I wish I had asked him out when I had the chance. I was being nagged like there was no tomorrow, until there wasn't going to be that chance tomorrow. Now it is the summer holidays, and he appears to have lost his phone. Great.

Apparently he had a crush on a girl and he asked her out last year. She turned him down. She is incredibly popular, and I deeply admire his courage to ask in the first place. I don't know whether that means he could ask me? But I don't want to just put it down to him to ask, however I just can't bring up the question. I'm scared of potentially losing that friendship. I'm worried about what to do if he says yes!


I think I've covered it. For now, anyway. If you've read this far, you are amazing- love ya! :)
If you are wondering why this was put up at about 2am, I meant to start it when I lay down about to go to sleep at 11. I got kinda in the zone and just couldn't stop. Ow my thumbs hurt!

Thank you for reading! :)

Wednesday 1 August 2012

The Boy Next Door


And now I am going to move on to my second situation. It's going to be more of a summary of the time over which I fell for him.


I don't simply have crushes. When I fall in love, the rest of the world can dissolve away into nothing for all I care, so long as I'm with them.

But he confused me so badly. I had never met him for three years. Then suddenly I sit next to him in just about every lesson. I get on okay with him for the first few months. We don't talk much, but we can work together. And as we begin to get more confident around each-other, we begin to get to know the other a lot better.

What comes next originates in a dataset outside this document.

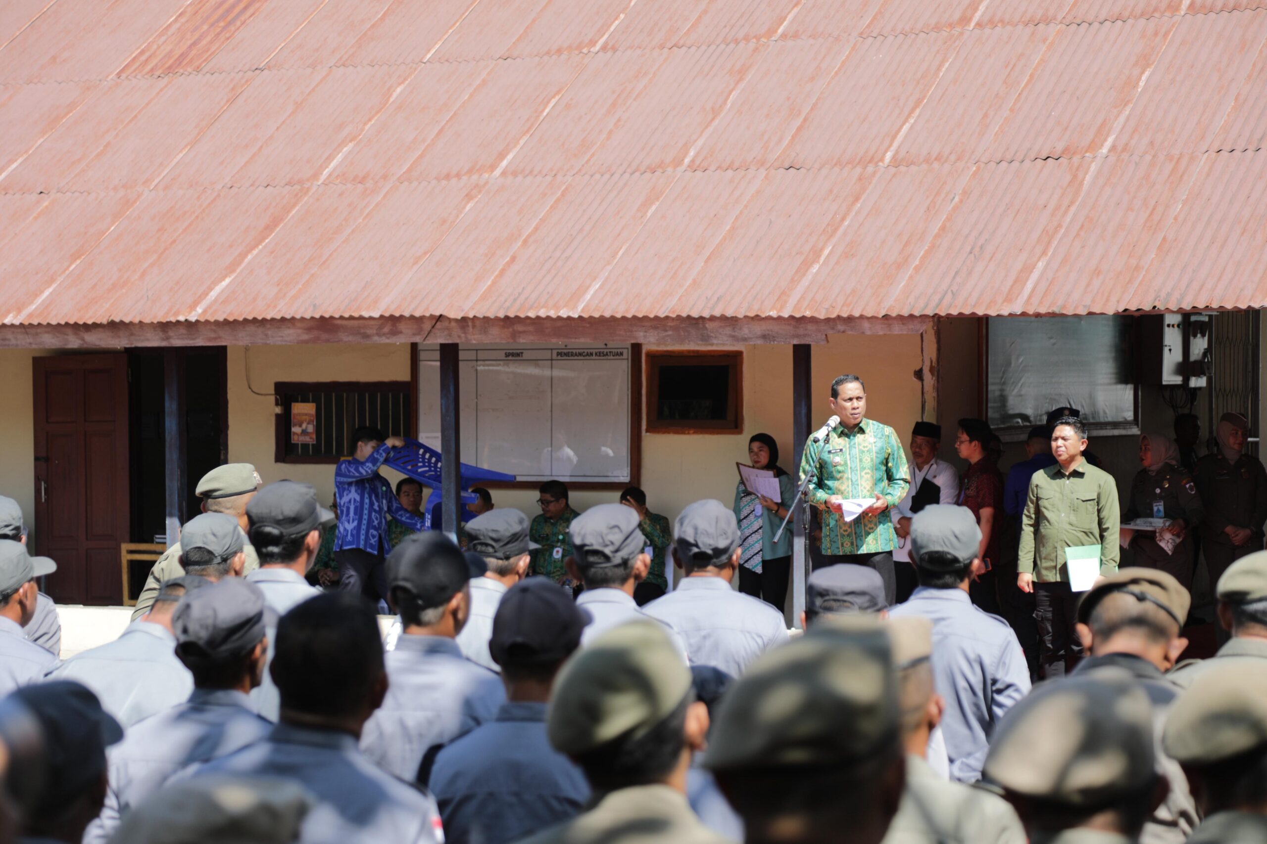 Jajaran Forkopimda, pejabat daerah, dan anggota Satlinmas menghadiri acara di halaman Kantor Satpol PP Kota Kotamobagu.

I told him everything about me. My private life. The side I wouldn't want to tell anyone. But I trust him. Even if you only have ten minutes after meeting him, you will trust him. For he is the kindest and most friendly guy I know.
He is physically impossible.
How can somebody be that lovely?
I can think about it as much as I want but he is still there. Still his friendly, rather athletic (*grin*) self.

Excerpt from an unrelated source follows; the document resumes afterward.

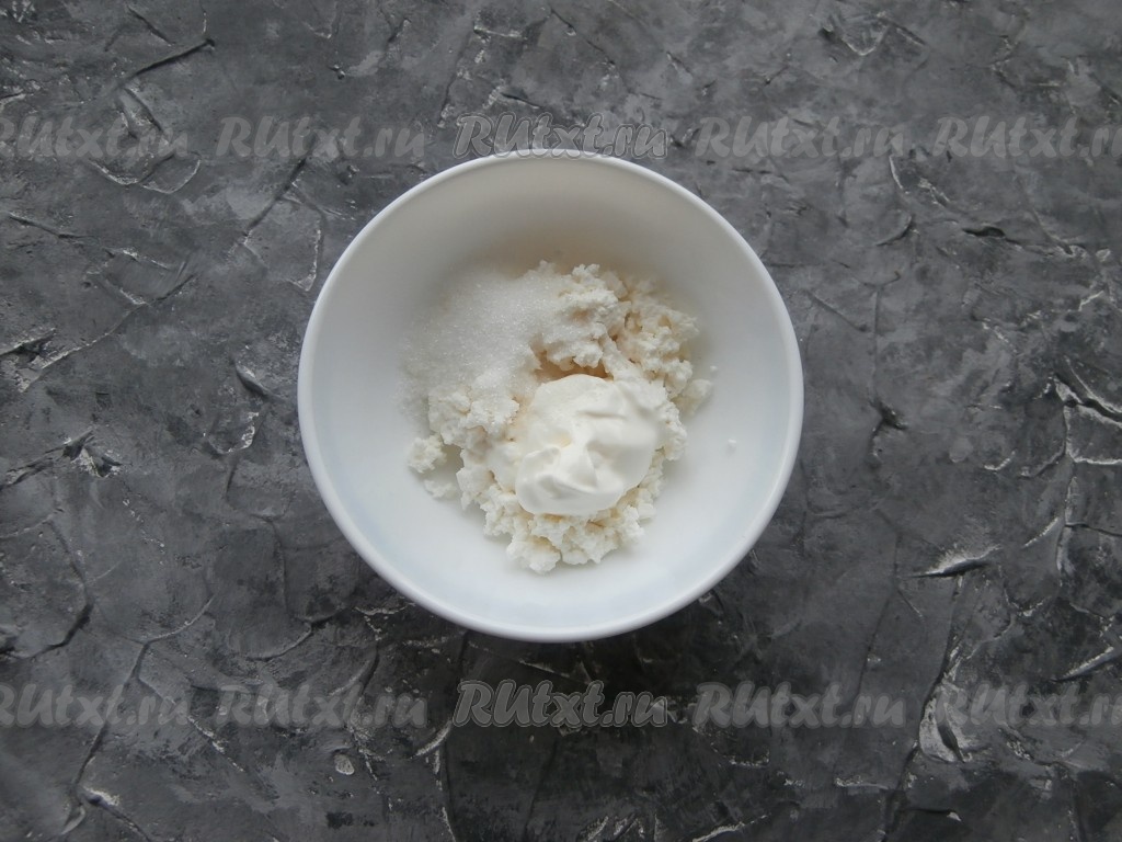 Теперь приготовим начинку, для этого творог нужно смешать со сметаной и сахаром.

I don't know when it was I realised. It was not love at first sight, I am certain of that. It was more of a gradual progression of emotions, so that I could have looked back a month and been amazed that I could hold a vaguely normal conversation with him without secretly wishing the next line he said was the one line that every lovesick person wants to hear. Those were the "good old days".

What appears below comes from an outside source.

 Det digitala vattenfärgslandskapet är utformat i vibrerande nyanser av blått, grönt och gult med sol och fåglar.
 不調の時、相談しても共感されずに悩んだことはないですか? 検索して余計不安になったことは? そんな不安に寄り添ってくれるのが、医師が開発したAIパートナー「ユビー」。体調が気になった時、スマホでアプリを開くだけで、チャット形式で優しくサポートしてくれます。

It had been about two months when I was first aware that something had changed. I wasn't sure whether it was me, him or just the atmosphere of the class that day. But the next day I knew it was me.

I thought I stood a chance as I didn't think he was very popular.

Oh how wrong I was. Almost the whole school knows who he is. Everyone is friendly to him, and in return, he is super friendly to them.
Except one girl that just went beyond friendly and stepped into the flirting zone. She said she didn't like him, but I know enough about body language now to tell that she is lying!

The popular girl flirting with the popular boy. Well that doesn't surprise me. School is pretty much a status game.

I got my friend to ask (discretely!) if you liked me about five or six months later. The answer was that I was not his type. I may have broken down at the time, but it was short-lived. It helped me begin to get over him. As usual, I'm still not fully over him, but now I've accepted his opinion, and the alternative love life he could have. And the one I could have...
There was practically no recovery period.